#### [Exercise prompt]
Take the entries that follow and return exactly the lines from the one holding "JR岡山駅の直ぐ前にあるビル" through the one holding "This column shows", both included. Nothing else is needed.

#### [Available data]
::::::

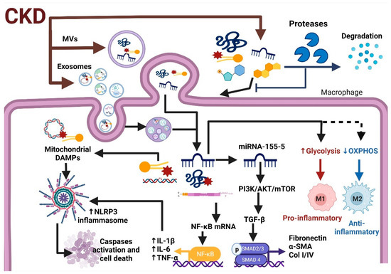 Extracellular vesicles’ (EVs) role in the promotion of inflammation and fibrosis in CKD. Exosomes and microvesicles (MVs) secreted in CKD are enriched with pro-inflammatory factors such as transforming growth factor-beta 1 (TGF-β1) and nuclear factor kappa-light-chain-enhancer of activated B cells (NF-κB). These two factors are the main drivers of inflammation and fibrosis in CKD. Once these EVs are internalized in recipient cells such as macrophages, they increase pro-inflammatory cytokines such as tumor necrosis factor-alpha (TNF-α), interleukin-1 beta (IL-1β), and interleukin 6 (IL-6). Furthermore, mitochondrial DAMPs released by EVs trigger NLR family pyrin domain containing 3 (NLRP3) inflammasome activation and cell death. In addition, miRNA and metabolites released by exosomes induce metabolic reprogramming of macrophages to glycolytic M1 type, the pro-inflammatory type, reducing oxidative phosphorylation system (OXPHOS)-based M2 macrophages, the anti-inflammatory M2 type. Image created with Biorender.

::::::

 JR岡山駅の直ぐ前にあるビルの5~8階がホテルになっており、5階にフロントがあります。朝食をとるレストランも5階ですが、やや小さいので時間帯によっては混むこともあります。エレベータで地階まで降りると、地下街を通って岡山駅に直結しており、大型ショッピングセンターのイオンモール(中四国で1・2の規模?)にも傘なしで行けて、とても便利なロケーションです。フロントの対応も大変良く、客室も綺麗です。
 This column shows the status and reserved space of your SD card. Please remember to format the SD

::::::

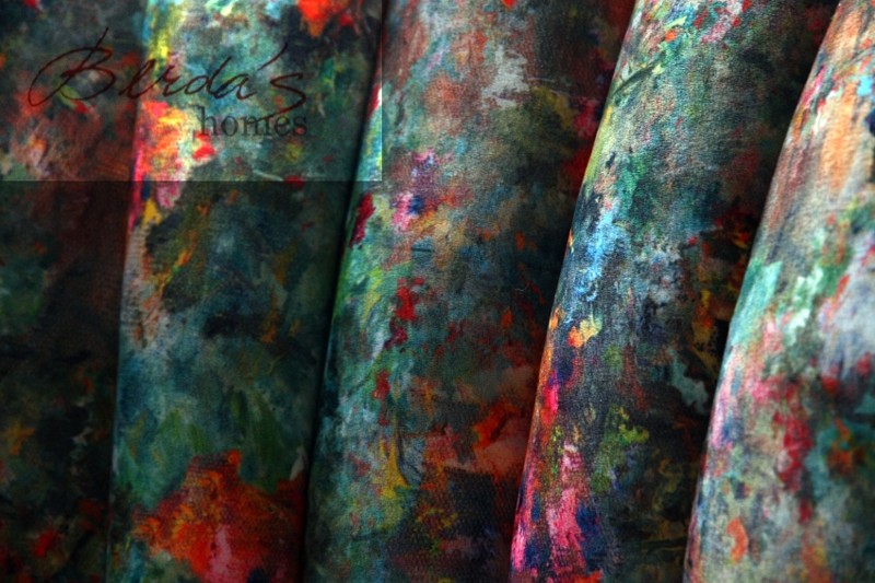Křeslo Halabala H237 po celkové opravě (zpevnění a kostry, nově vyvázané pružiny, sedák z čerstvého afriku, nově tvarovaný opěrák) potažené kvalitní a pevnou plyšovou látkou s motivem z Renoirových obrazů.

::::::

#### [Answer to this problem]
 JR岡山駅の直ぐ前にあるビルの5~8階がホテルになっており、5階にフロントがあります。朝食をとるレストランも5階ですが、やや小さいので時間帯によっては混むこともあります。エレベータで地階まで降りると、地下街を通って岡山駅に直結しており、大型ショッピングセンターのイオンモール(中四国で1・2の規模?)にも傘なしで行けて、とても便利なロケーションです。フロントの対応も大変良く、客室も綺麗です。
 This column shows the status and reserved space of your SD card. Please remember to format the SD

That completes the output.